[Material for this task Boundary: Start]

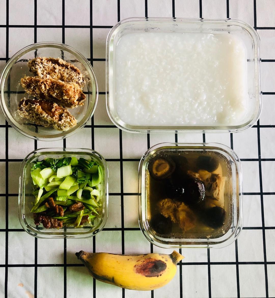 5.23:炸翅 上海青 四季豆炒肉 白粥 香菇排骨汤 蕉(特么地忘带了)……
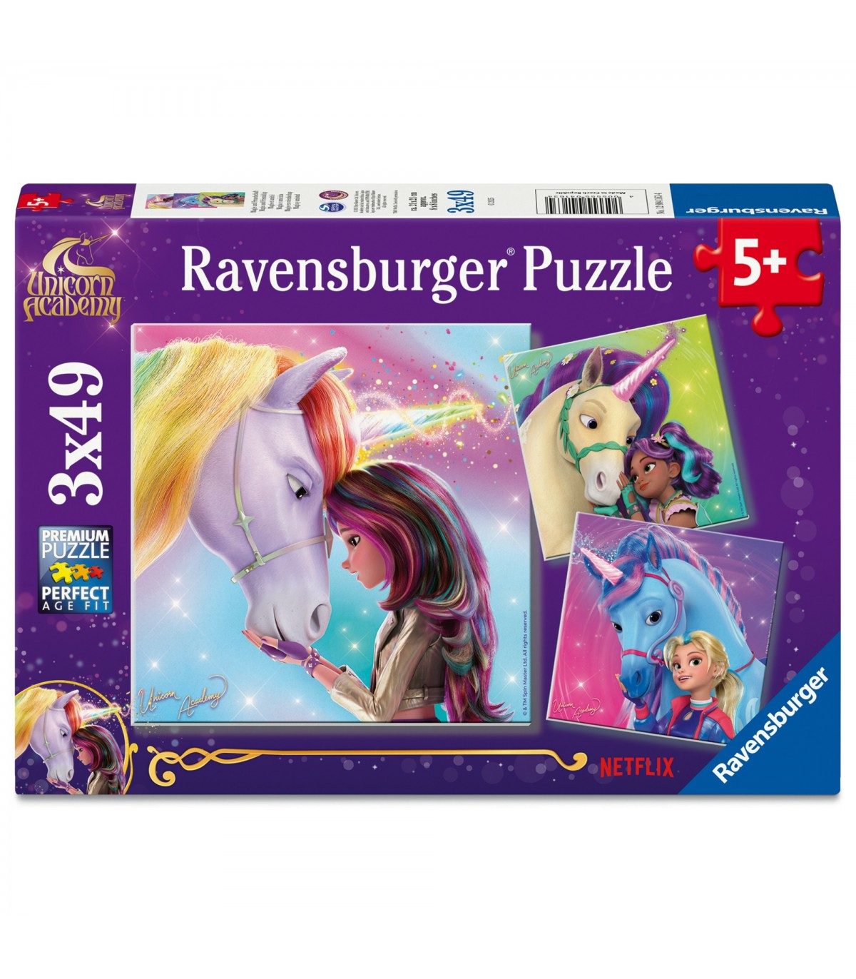 3 Puzzle da 49 Pezzi - Unicorn Academy
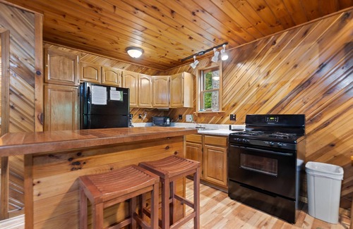 Located in Cliffview resort and nestled deep in the woods, this lovely 2-BR, 1-BA Cabin features fiber optic Wi-Fi, hot tub with room for 5, gas fireplace, and Smart TV with satellite TV sleeps 4. Overlooks a fishing pond and has a view of cliffs in the background.
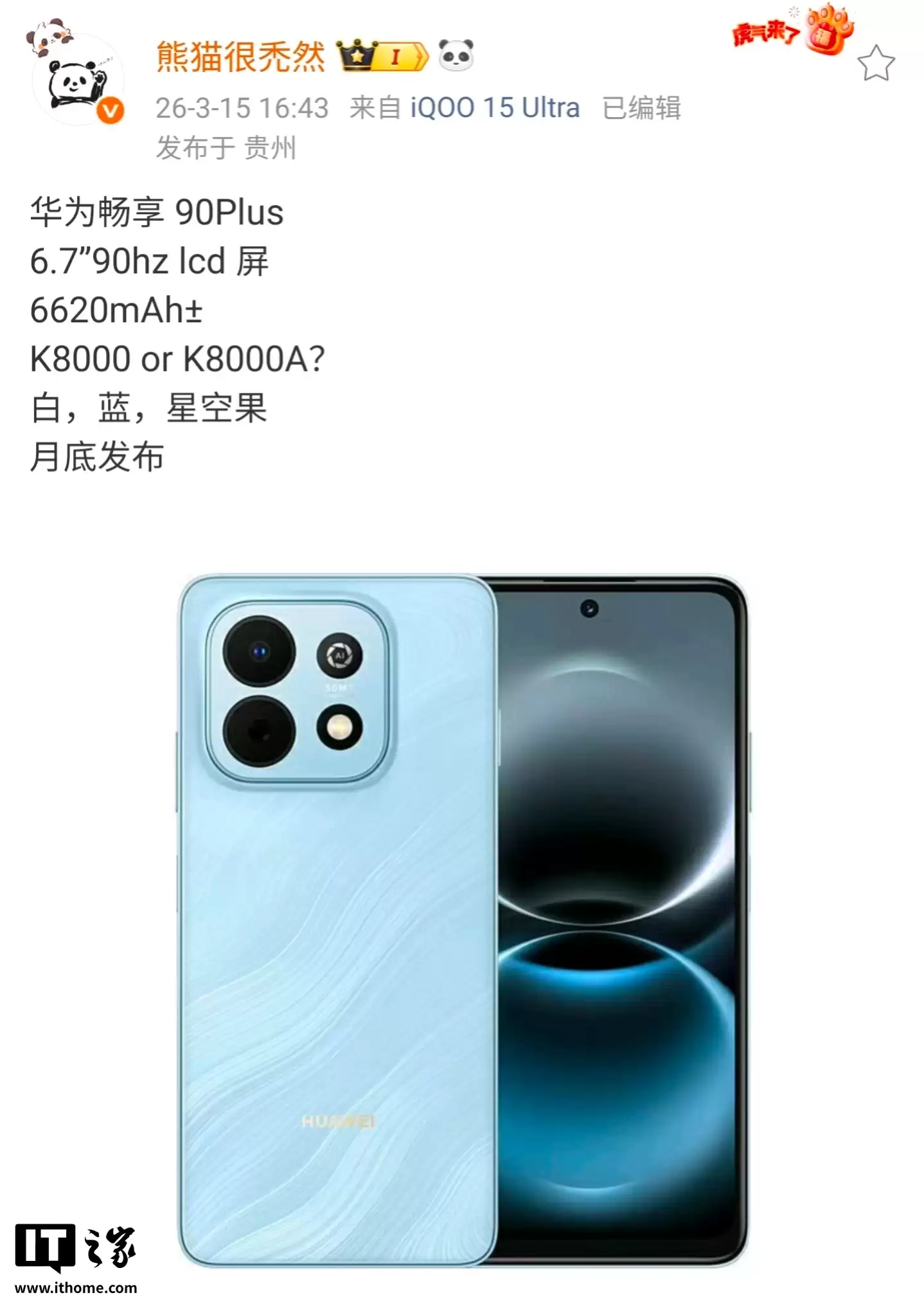 消息称华为畅享 90 Plus 手机配备 6.7 英寸 LCD 屏 + 6620mAh 电池
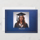 Cette carte de remerciement de graduation a un arrière - plan texturé bleu profond et élégant texte blanc ou argent. Le haut de la carte affiche les mots "Merci" en évidence, suivi d’un message de gratitude chaleureux et personnalisable pour avoir assisté à une cérémonie de remise des diplômes et pour le soutien et la gentillesse du récipiendaire. Le bas comprend une fermeture avec "Avec gratitude" et une ligne de nom personnalisable et une zone sur le dos pour une photo.
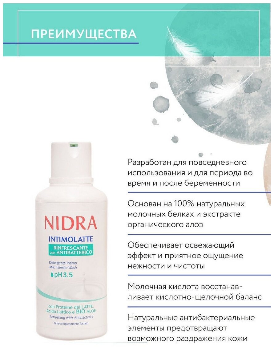 Nidra Гель для интимной гигиены освежающий с молочными протеинами и алоэ 500мл информация:
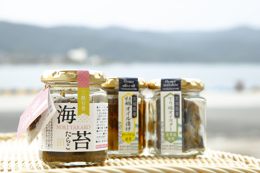 また、以前には石巻の大学と連携し、学生の商品開発も後押し。東松島産の海苔を使った商品の開発に協力するなど、若者が地域の魅力にふれ、自らのアイデアや想いを事業に発展させる貴重な機会を創出しました。「水産業の高齢化や人手不足は、万石浦でも大きな課題になっています。若い人たちが水産業で食べていけるような取り組みが大切だと思います」と瀧口さん。最近では、石巻にあるたらこの加工会社とコラボレーションした商品を生み出すなど、精力的に活動を続けています。
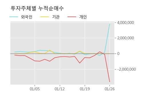 지난 한달을 기준으로 보면 외국인이 378.5만주를 순매수한 반면, 기관은 1,997주를 순매도했고, 개인들도 360.4만주를 순매도한 것으로 집계됐다. 같은 기간 개인의 거래비중이 94.4%로 가장 높아, 주요 거래 주체로 참여했음을 알 수 있다.
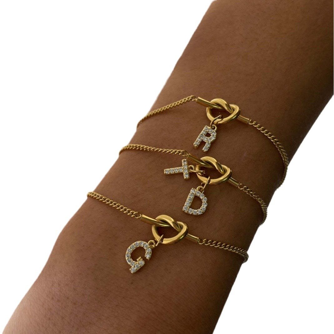 Water Knot Alphabet Heart Cuban Chain Set
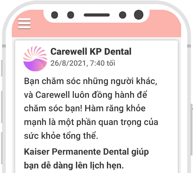 Đây không phải là tin nhắn lừa đảo! Chúng tôi muốn đảm bảo tất cả mọi người đều biết về phúc lợi nha khoa dành cho họ. Vì vậy, chúng tôi thí điểm cách giao tiếp mới bằng tin nhắn văn bản để cung cấp mọi thông tin về chương trình Carewell Kaiser Permanente Dental tận tay bạn!
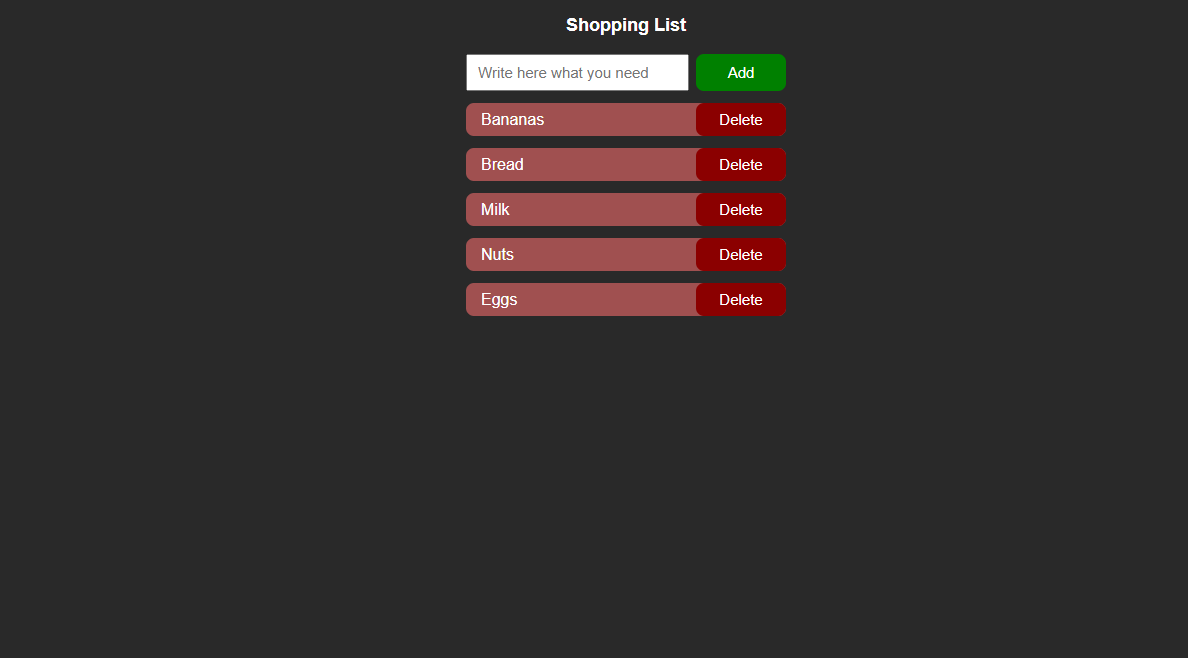 A simple web application to create and manage a shopping list using HTML, CSS, and JavaScript. The list persists using localStorage, so your items stay saved even after closing the browser.
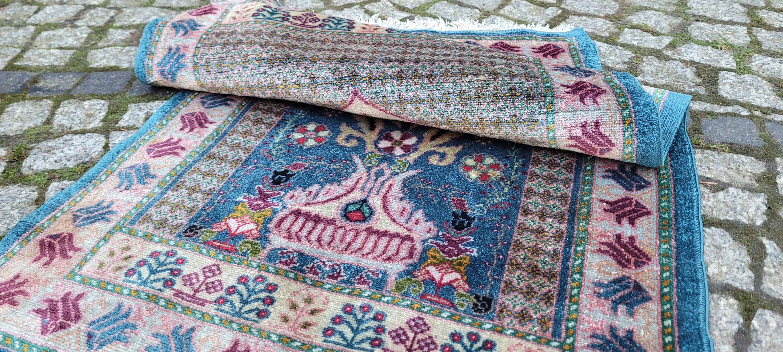 Туніський килим. Ручна робота з натурального шовку найвищої якості. Характеризується компактним, приємним на дотик, блискучим флісом і красивими кольорами та візерунками. У хорошому стані, видно на фотографіях.
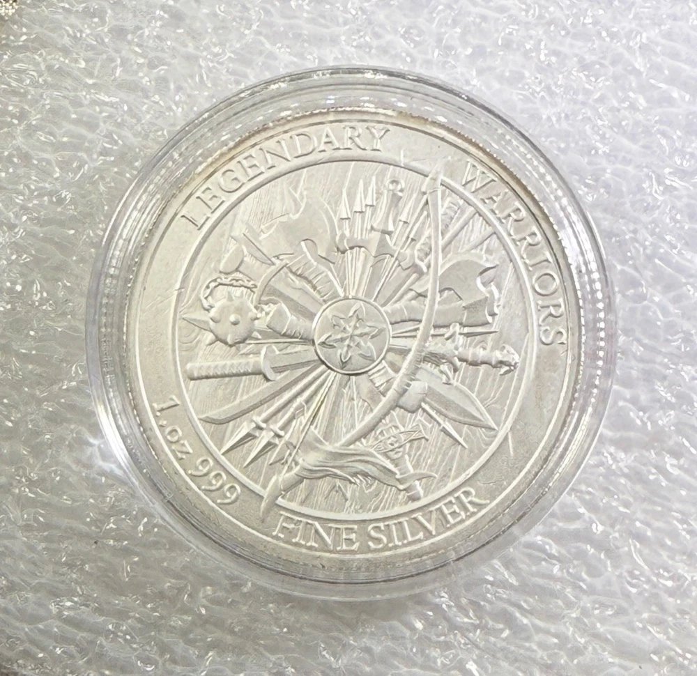 1 Troy oz Achilles Design .999 Fine Silver Round w/capsule
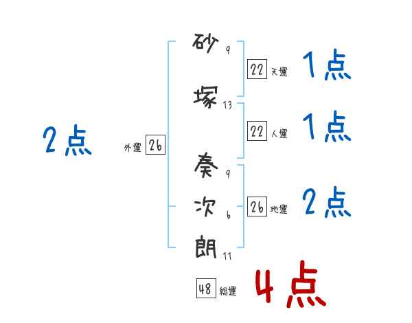天運![]() | 砂塚奏次朗さんの天運は22画の1つ星!努力することが苦手ないっぽう手先が器用。芸術性にも優れる。 家系が持つ宿命的な運勢を表します。祖先から受け継いだ苗字ですので自分の力が及びません。家柄を象徴します。 |
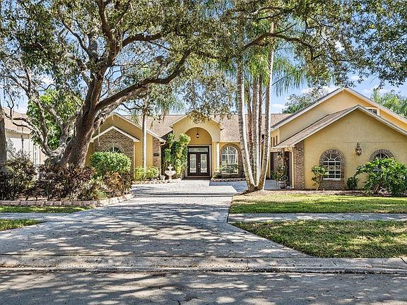 This home is truly a showstopper from the moment you arrive! Set on an oversized lot, with a brick-accented elevation and a side-entry 3-car garage, the curb appeal is just the beginning. You'll appreciate the expansive driveway, arched windows, and beautiful landscaping—all in a desirable, well-established community just minutes from everything this area has to offer. Step inside and be greeted by soaring ceilings, elegant woodwork accents, and an abundance of natural light. This home features new tile flooring throughout the main living areas. The heart of this home is the newly remodeled kitchen, which is every chef's dream, with modern granite counters, sleek new cabinetry, a center island, walk-in pantry, built-in microwave, convection oven, and a breakfast bar that opens into a cozy breakfast nook. Plus, a wet bar with a sink and wine fridge adds even more convenience and style. The massive family room is perfect for gatherings, with a wood burning fireplace, built-ins, large windows offering a beautiful view of the pool, and easy access to the kitchen. The split floor plan provides the ultimate in privacy. The master suite, located on one side of the home, is a peaceful retreat featuring a wood-burning fireplace and a custom-designed walk-in closet with separate his-and-hers sides and a mirrored changing area. The master bath is equally impressive, with a walk-in shower, jetted tub, and dual sinks. Adjacent to the master suite is a versatile office or nursery space. On the opposite side of the home, you'll find three spacious bedrooms and two well-appointed bathrooms. For added flexibility, there’s a 5th bedroom/bonus or media room upstairs, complete with its own private bath. The outdoor space is just as spectacular, with a covered lanai featuring an outdoor kitchen with Jenn-Air appliances, fridge, and sink. Enjoy the heated pool and spa with a waterfall feature, the lanai is outfitted with ceiling fans creating the perfect environment for relaxation and entertaining. This home is truly a rare find—don’t miss out on the opportunity to make it yours!
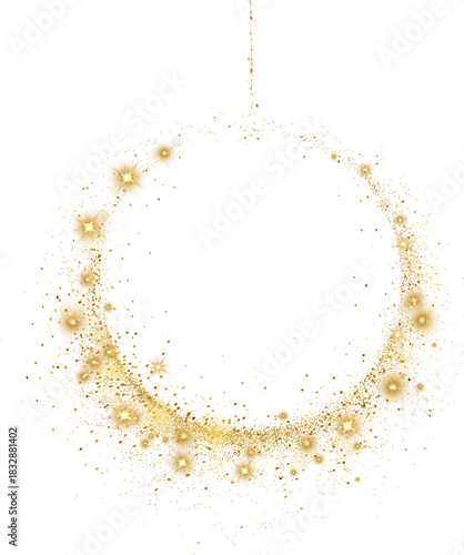 Fototapeta premium Abstract Shiny Gold Glitter Bauble Christmas Circle Frame. Glowing Bokeh and Stars Element
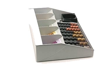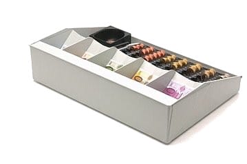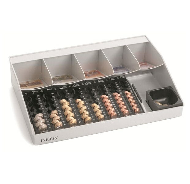 Die Schreibtischkasse REKORD 8150 PL mit geringerer Breite für Schreibtische mit kurzem Auszug (Normalzug) mit Einzelmünzbehältern, Banknotenfächern, Mulde und Rollenfach. Auch für Rollcontainer geeignet.
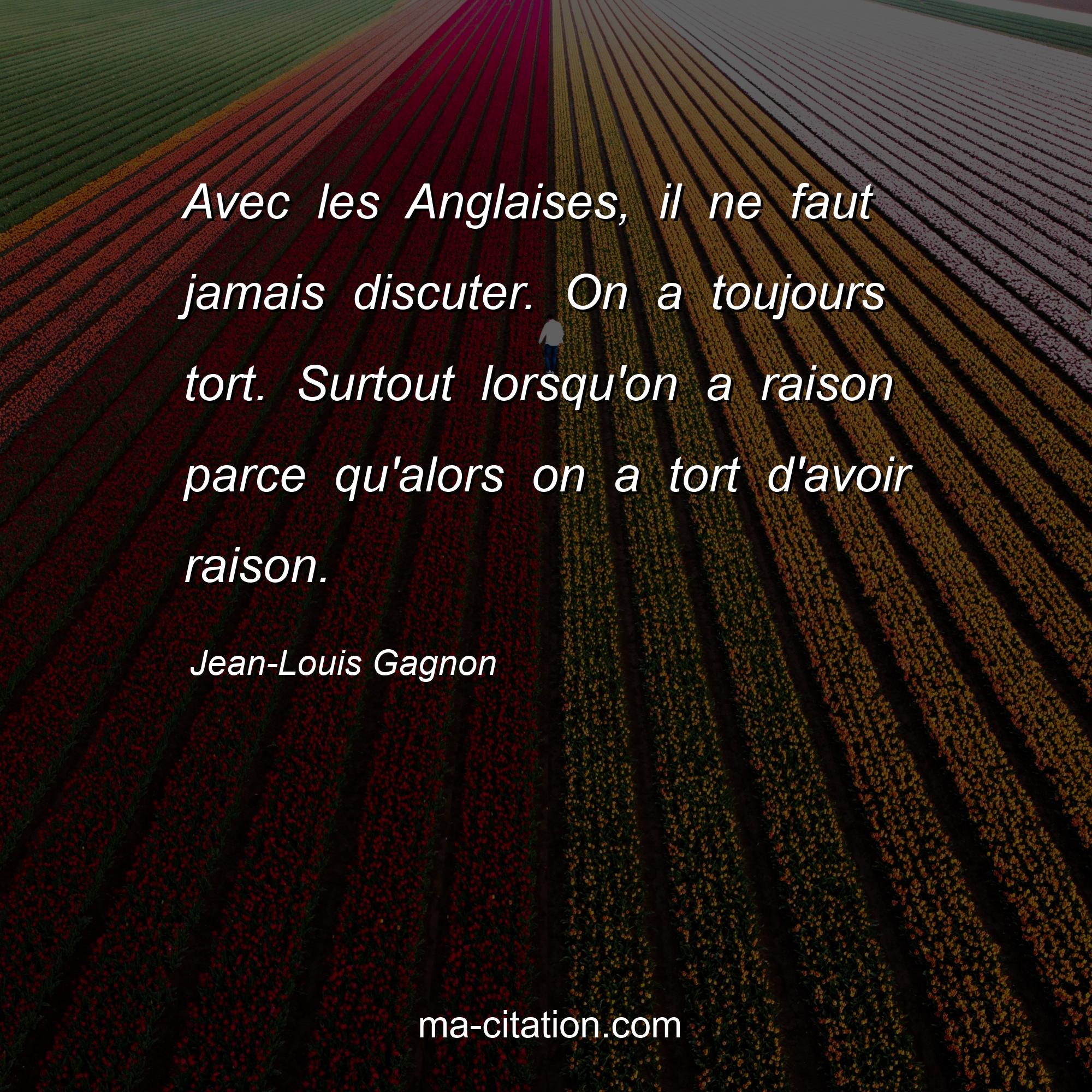 Citation sur la vie de Jean-Louis Gagnon :Avec les Anglaises, il ne faut jamais discuter. On a toujours tort. Surtout lorsqu'on a raison parce qu'alors on a tort d'avoir raison.
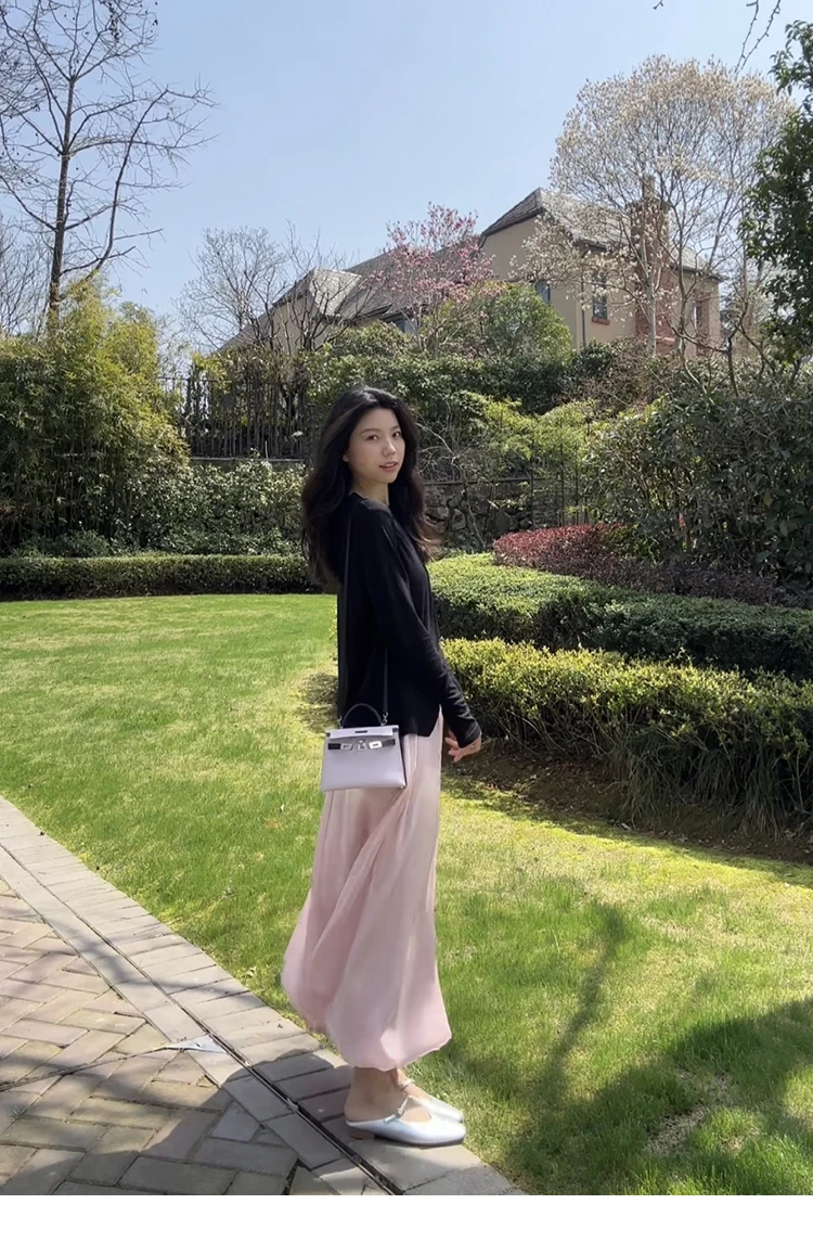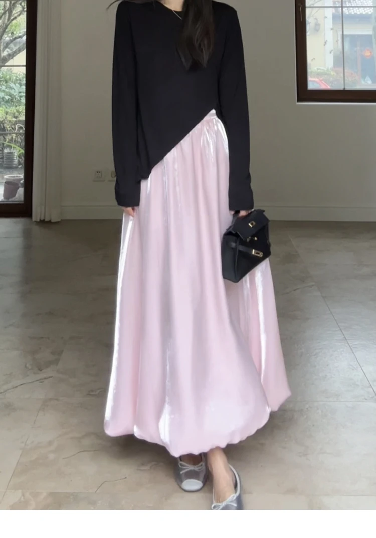 MQTIME - Sweet Pink Ball Gown Skirts Women Elegant Elastic Wasit Maxi Long Skirt Spring Summer Luxury Korean Fashion Clothing Ins

[Material for this task Boundary: End]

Quote, exactly and only, the lines from the first line of the data above through the line containing "また、以前には石巻の大学と連". The pictures do not belong in it.

## Expected output
 5.23:炸翅 上海青 四季豆炒肉 白粥 香菇排骨汤 蕉(特么地忘带了)……
 3 Puzzle da 49 Pezzi - Unicorn Academy
 Located in Cliffview resort and nestled deep in the woods, this lovely 2-BR, 1-BA Cabin features fiber optic Wi-Fi, hot tub with room for 5, gas fireplace, and Smart TV with satellite TV sleeps 4. Overlooks a fishing pond and has a view of cliffs in the background.
 消息称华为畅享 90 Plus 手机配备 6.7 英寸 LCD 屏 + 6620mAh 电池
 Cette carte de remerciement de graduation a un arrière - plan texturé bleu profond et élégant texte blanc ou argent. Le haut de la carte affiche les mots "Merci" en évidence, suivi d’un message de gratitude chaleureux et personnalisable pour avoir assisté à une cérémonie de remise des diplômes et pour le soutien et la gentillesse du récipiendaire. Le bas comprend une fermeture avec "Avec gratitude" et une ligne de nom personnalisable et une zone sur le dos pour une photo.
 Nidra Гель для интимной гигиены освежающий с молочными протеинами и алоэ 500мл информация:
 また、以前には石巻の大学と連携し、学生の商品開発も後押し。東松島産の海苔を使った商品の開発に協力するなど、若者が地域の魅力にふれ、自らのアイデアや想いを事業に発展させる貴重な機会を創出しました。「水産業の高齢化や人手不足は、万石浦でも大きな課題になっています。若い人たちが水産業で食べていけるような取り組みが大切だと思います」と瀧口さん。最近では、石巻にあるたらこの加工会社とコラボレーションした商品を生み出すなど、精力的に活動を続けています。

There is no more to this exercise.